While a decrease in alcohol use is typically observed in the late 20s, men demonstrate a higher peak in consumption levels when compared with women (Casswell et al., 2003; Muthen & Muthen, 2000). Thus, while gender differences in alcohol use are minimal during adolescence (Young et al., 2002; Hicks et al., 2007; Johnston et al., 2008), boys who abuse alcohol are more at risk of developing alcoholism as adults (e.g. Prescott, 2001; SAMHSA, 2008; Sher et al., 2005). A recent work (Petit et al., 2013) supports this fact and suggests that differences in alcohol cue reactivity (that could be due to differential DA release) may partly explain the greater vulnerability of males.

Patterns of drinking

Early initiation

As most adolescents begin experimenting with alcohol at the beginning of puberty (DeWit et al., 2000; Faden, 2006), the initiation of alcohol use among adolescents takes place at an early age. In Europe, students initiate use on average just after 12½ years of age (Currie et al., 2004). At the same time, many prospective and retrospective human studies have revealed that early onset of alcohol intake constitutes a risk factor for later alcohol abuse or addiction (e.g. Grant & Dawson, 1997; DeWit et al., 2000; Grant et al., 2001; Warner & White, 2003; York et al., 2004; Pitkanen et al., 2005). For example, Grant & Dawson (1997) showed that out of those who initiated drinking at age 14 or younger, 40% developed alcohol dependence, while only 10% of those who began drinking at age 20 or older did so.
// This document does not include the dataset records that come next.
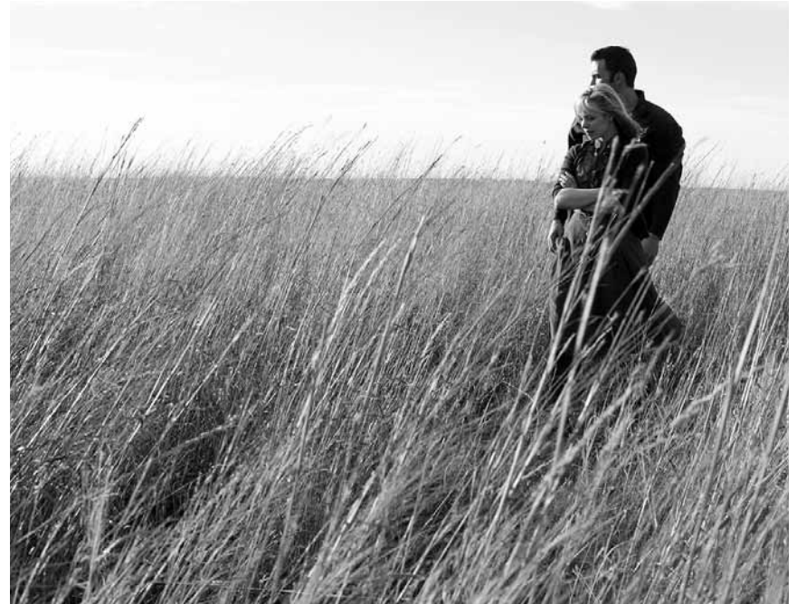
Muss Liebe schön sein! „To the wonder“, neu im Utopia.

Julian lebt seit zehn Jahren in Bangkok im Exil, nachdem er einen Polizisten umgebracht hat. Er leitet einen Thai-Box-Club als Fassade für
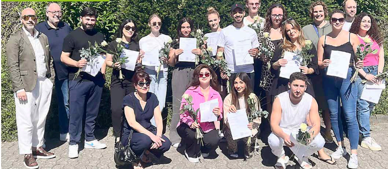
Mitglieder des Vorstandes sowie des Prüfungsausschusses freuen sich mit den neuen Gesellinnen und Gesellen über deren gelungenen Abschluss ihrer Ausbildungsjahre.
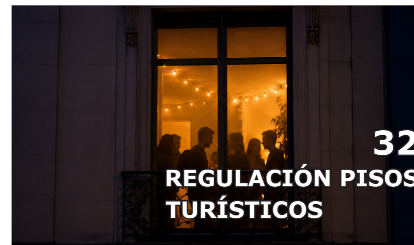
32 REGULACIÓN PISOS TURÍSTICOS

Resultado de las ITV del primer trimestre en la Comunidad de Madrid
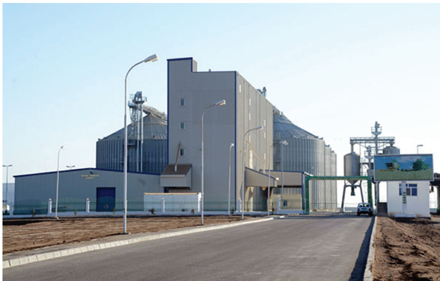
Daşoguz welaýatynyň Boldumsaz etrabyndaky häzirki zaman elewatory

gerekli azyk önümleriniň köp bölegi beýleki ýerlerden getirilýärdi.
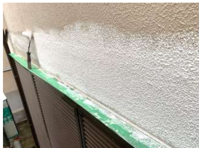
下塗り(パターン付け)
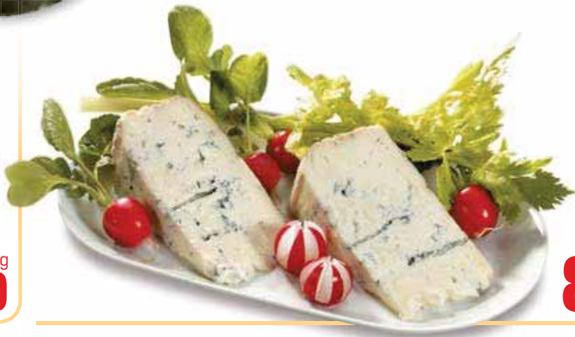
Gorgonzola DOP COLOMBO
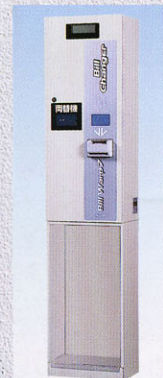
簡易リサイクル両替機
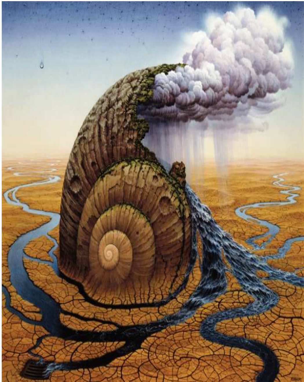
YERKA. Yacek. The second day of Genesis. [En línea] Glicee N° 43. S.f. [Recuperado el 30 de junio de 2009] Disponible en Internet: http://www.yerkaland.com/glicee.php?act=0&od=24&do=35&x=3
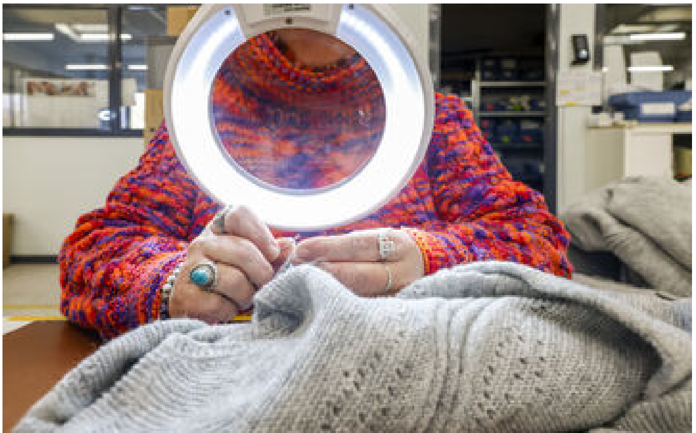
« Pourquoi produire ailleurs ? » : à Saint-Malo, cette start-up de tricot mène une réindustrialisation exemplaire P
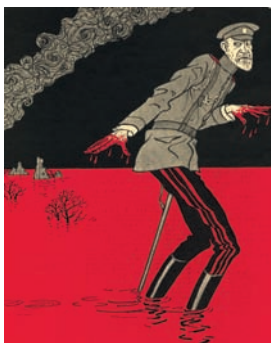
Motive wie „Macbeth - Nikolajewitsch“ aus dem Simplicissimus zeigt das Staatsarchiv.

ter anderem 77 Ochsen und 191 Kälber für die Bewirtung der Gäste geschlachtet wurden und 1873 Pferde in der Stadt und den umliegenden Dörfern untergebracht werden mussten. Der Autor nimmt die Leser und Leserinnen mit auf eine Zeitreise durch 1000 Jahre Stadtgeschichte von den ersten Anfängen der Besiedlung des Schlossberges bis zum Bau des Medienzentrums am alten Botanischen Garten - und das alles historisch genau und gut lesbar. Dafür wurden Inhalt und Layout aktualisiert und erweitert. Zahlreiche Abbildungen und eine Stammtafel aller hessischen Herrscher bis 1918 ergänzen den Text. Erhältlich ist das Buch „Marburg. Kleine Stadtgeschichte“ für 12,90 Euro im Buchhandel.

They demonstrated a relationship between decreasing age of onset and risk of alcohol dependence. They observed a 14% reduction in risk of future adult-onset substance use disorders for each year onset of drinking was delayed. Results from the 2008 U.S. survey on drug use and health showed that individuals who started using alcohol at age 14 or younger were five times more at risk of lifetime alcohol use disorder as compared with those who first consumed alcohol after 21 years of age (SAMSHA 2009).

Binge drinking

Binge drinking is the consumption of at least 4 (for women) and 5 (for men) alcoholic drinks (10 g of pure ethanol) on one occasion at least once in the last two weeks and often with the aim of becoming drunk (Stolle et al., 2009). The drinking style of adolescents and young adults is characterized as binge drinking; heavy drinking and drinking to intoxication are highly prevalent (Currie et al. 2004; Hibell et al. 2004; Kuntsche et al. 2004). For example, in Europe 15 to 16 year olds reported that the average amount of alcohol drunk on the last drinking occasion was six drinks (Hibell et al., 2004). Approximately 39% of 15–16 year olds report binge drinking in the past month (Hibell et al., 2012). Moreover, frequent early binge drinking constitutes another risk factor for the development of alcohol consumption disorders (e.g. McCarty et al., 2004; Maurage et al., 2013a; Maurage et al., 2013b; Campanella et al., 2013).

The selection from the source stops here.